====== Materials provided

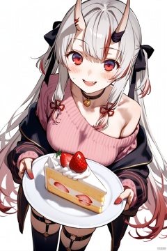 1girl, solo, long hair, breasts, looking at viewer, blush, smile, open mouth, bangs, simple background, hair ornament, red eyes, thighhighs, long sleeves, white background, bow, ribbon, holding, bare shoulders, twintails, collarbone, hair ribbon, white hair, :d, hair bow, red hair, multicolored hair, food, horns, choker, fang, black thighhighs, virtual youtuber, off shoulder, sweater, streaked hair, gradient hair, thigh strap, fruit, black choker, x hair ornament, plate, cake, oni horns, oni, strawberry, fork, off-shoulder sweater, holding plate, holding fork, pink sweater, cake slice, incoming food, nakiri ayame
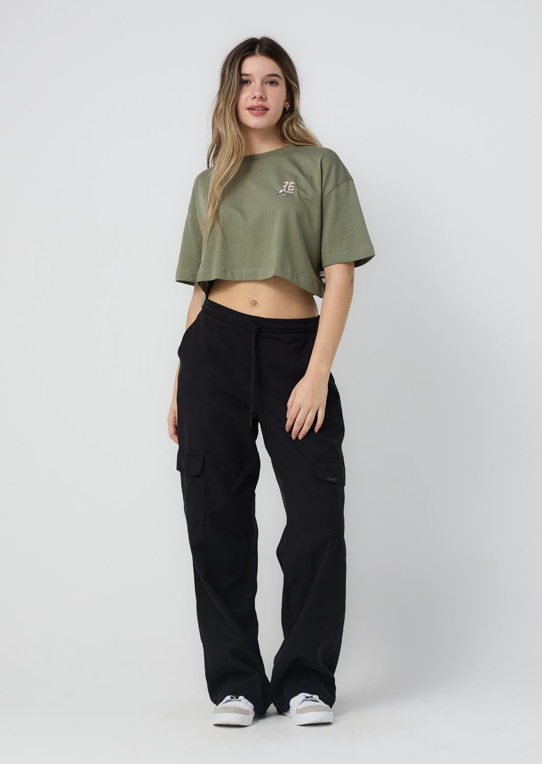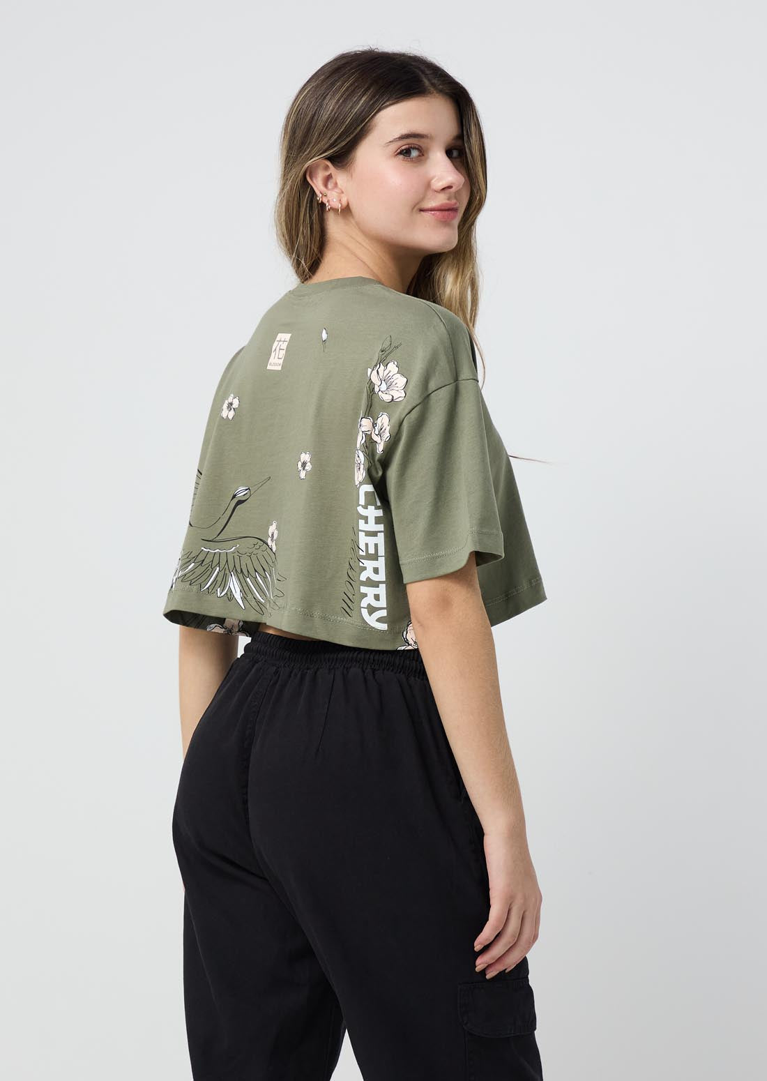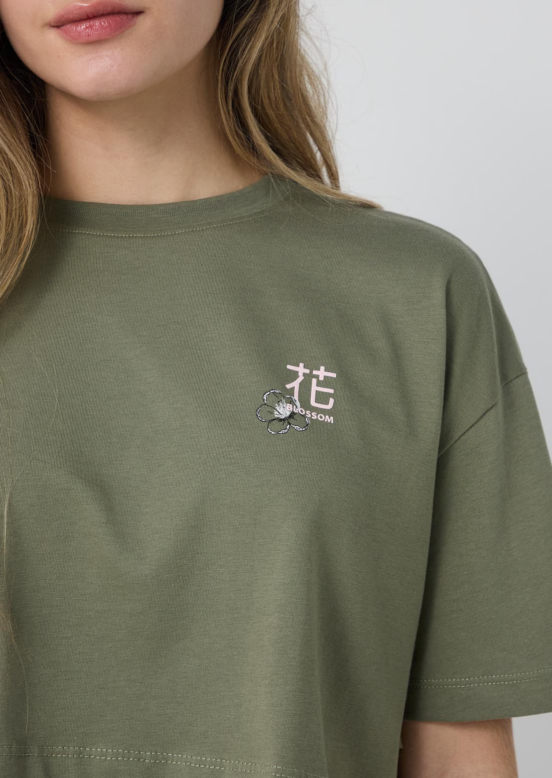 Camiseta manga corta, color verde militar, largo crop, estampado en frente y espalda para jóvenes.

============
====== Materials provided

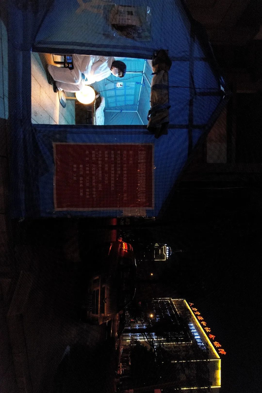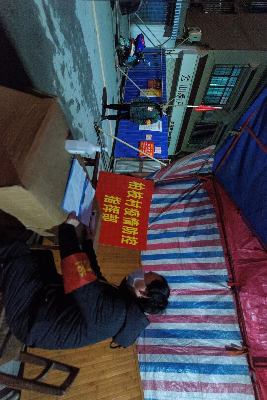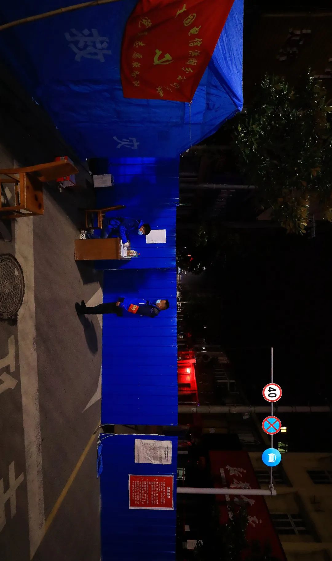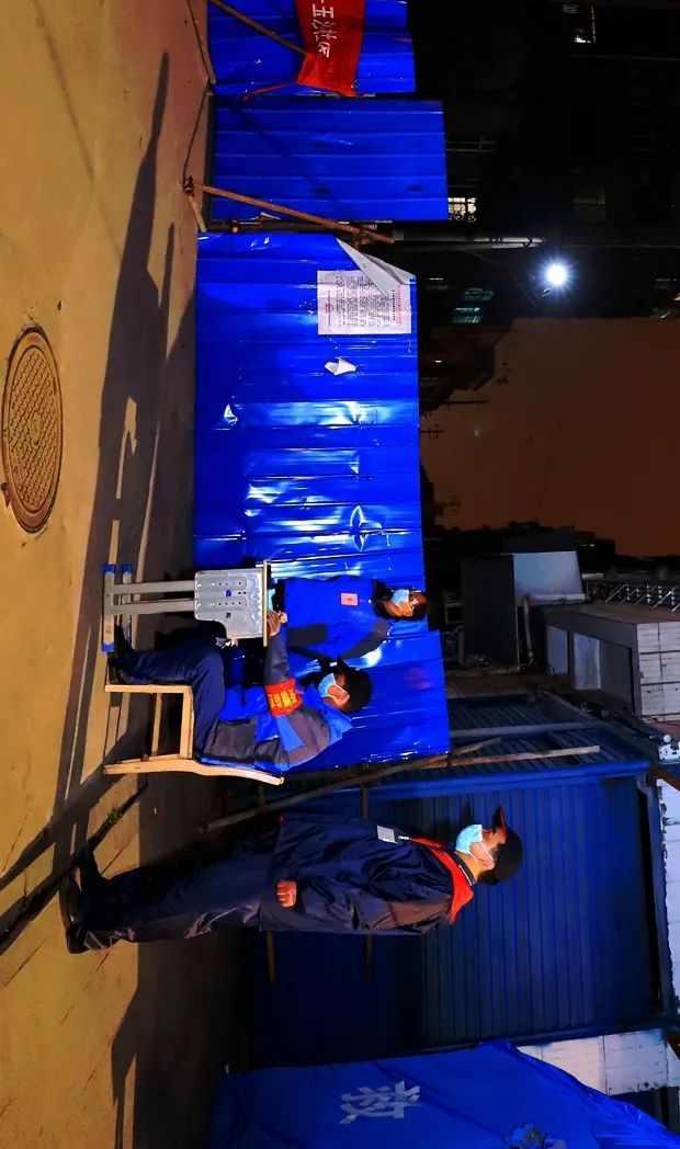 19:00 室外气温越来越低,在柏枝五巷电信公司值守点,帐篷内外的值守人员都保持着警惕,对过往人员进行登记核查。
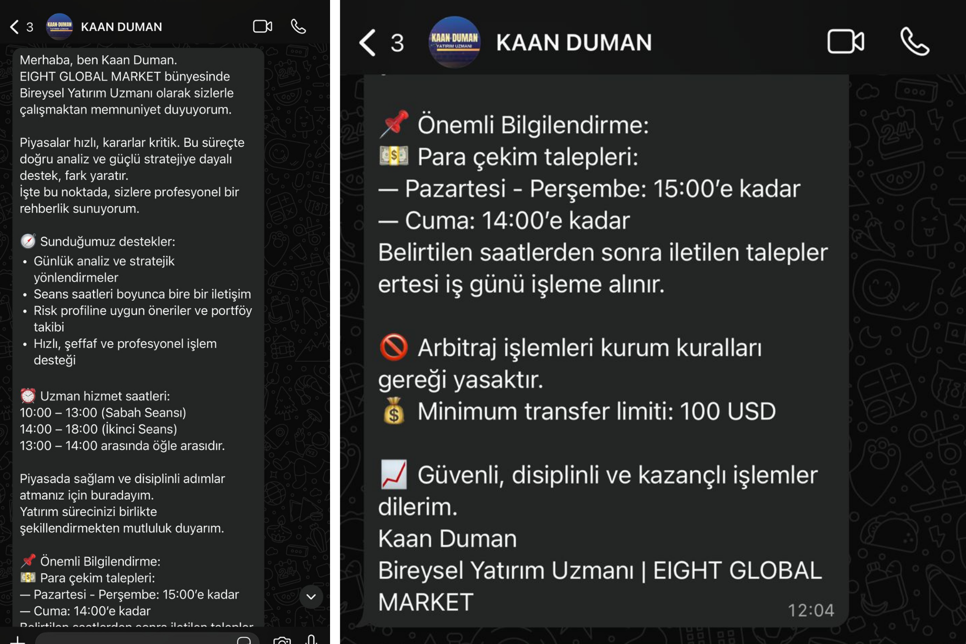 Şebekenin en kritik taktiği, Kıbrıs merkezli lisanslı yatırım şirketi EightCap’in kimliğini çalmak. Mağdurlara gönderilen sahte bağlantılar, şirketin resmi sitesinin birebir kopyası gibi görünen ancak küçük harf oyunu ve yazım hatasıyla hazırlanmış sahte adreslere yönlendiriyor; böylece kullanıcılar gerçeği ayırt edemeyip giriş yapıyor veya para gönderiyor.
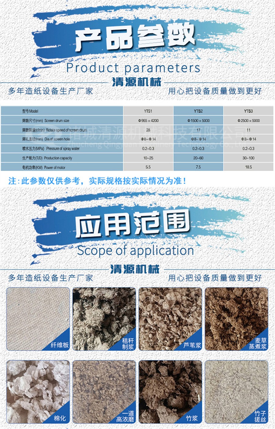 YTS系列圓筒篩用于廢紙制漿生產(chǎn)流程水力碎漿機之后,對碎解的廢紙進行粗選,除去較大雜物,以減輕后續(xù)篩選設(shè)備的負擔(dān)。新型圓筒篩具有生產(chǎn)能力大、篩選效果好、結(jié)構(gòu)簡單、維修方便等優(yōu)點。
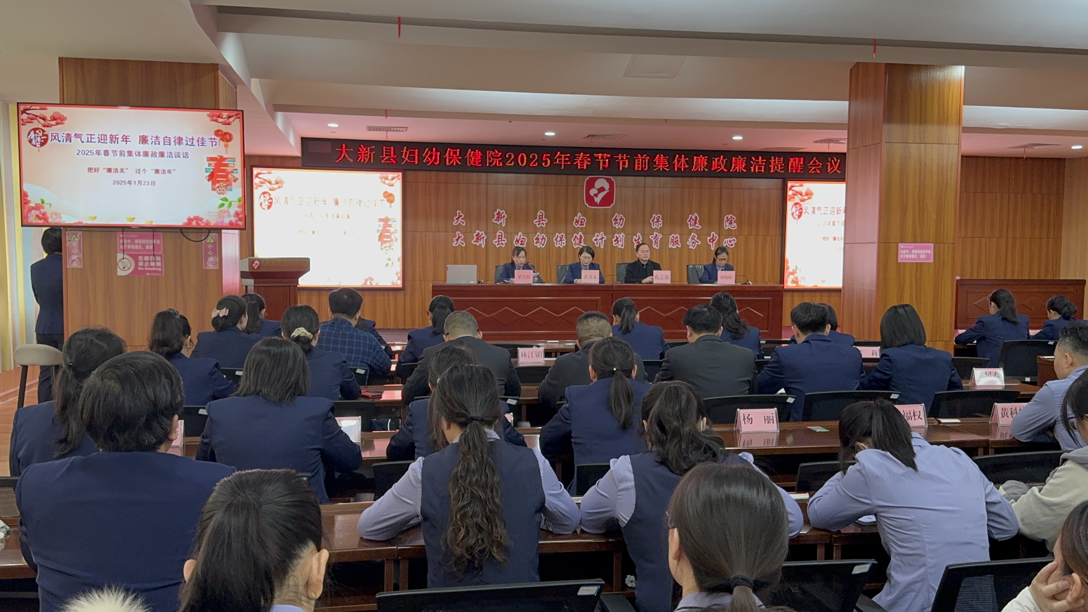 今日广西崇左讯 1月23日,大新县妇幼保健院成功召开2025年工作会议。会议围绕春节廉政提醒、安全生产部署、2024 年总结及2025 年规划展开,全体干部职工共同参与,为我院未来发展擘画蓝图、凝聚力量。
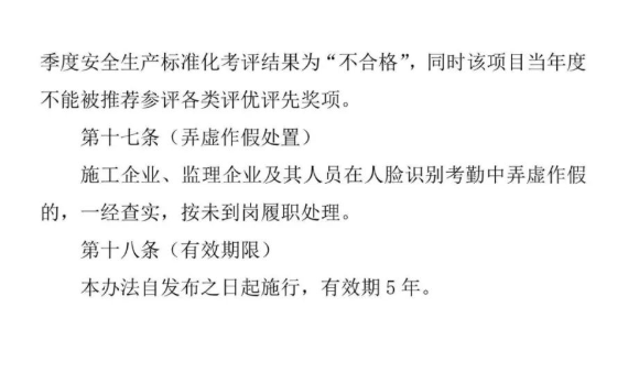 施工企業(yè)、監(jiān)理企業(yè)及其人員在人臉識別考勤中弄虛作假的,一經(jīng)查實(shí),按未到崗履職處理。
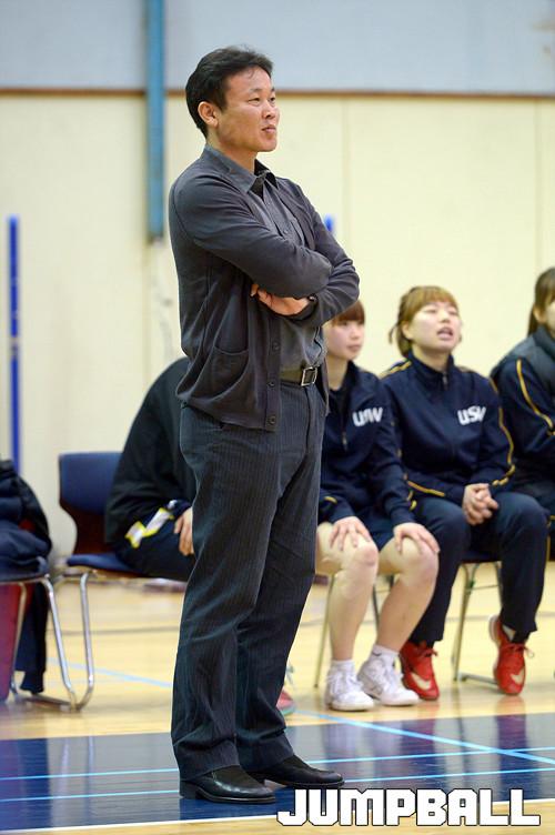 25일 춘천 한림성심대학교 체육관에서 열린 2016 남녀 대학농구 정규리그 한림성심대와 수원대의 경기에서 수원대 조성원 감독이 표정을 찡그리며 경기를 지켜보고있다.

============

Exercise requirements: Reproduce exactly, with no pictures, the lines above from the one holding "施工企業(yè)、監(jiā" to the one holding "25일 춘천 한림성심대학교", inclusive.

Solution below:
 施工企業(yè)、監(jiān)理企業(yè)及其人員在人臉識別考勤中弄虛作假的,一經(jīng)查實(shí),按未到崗履職處理。
 25일 춘천 한림성심대학교 체육관에서 열린 2016 남녀 대학농구 정규리그 한림성심대와 수원대의 경기에서 수원대 조성원 감독이 표정을 찡그리며 경기를 지켜보고있다.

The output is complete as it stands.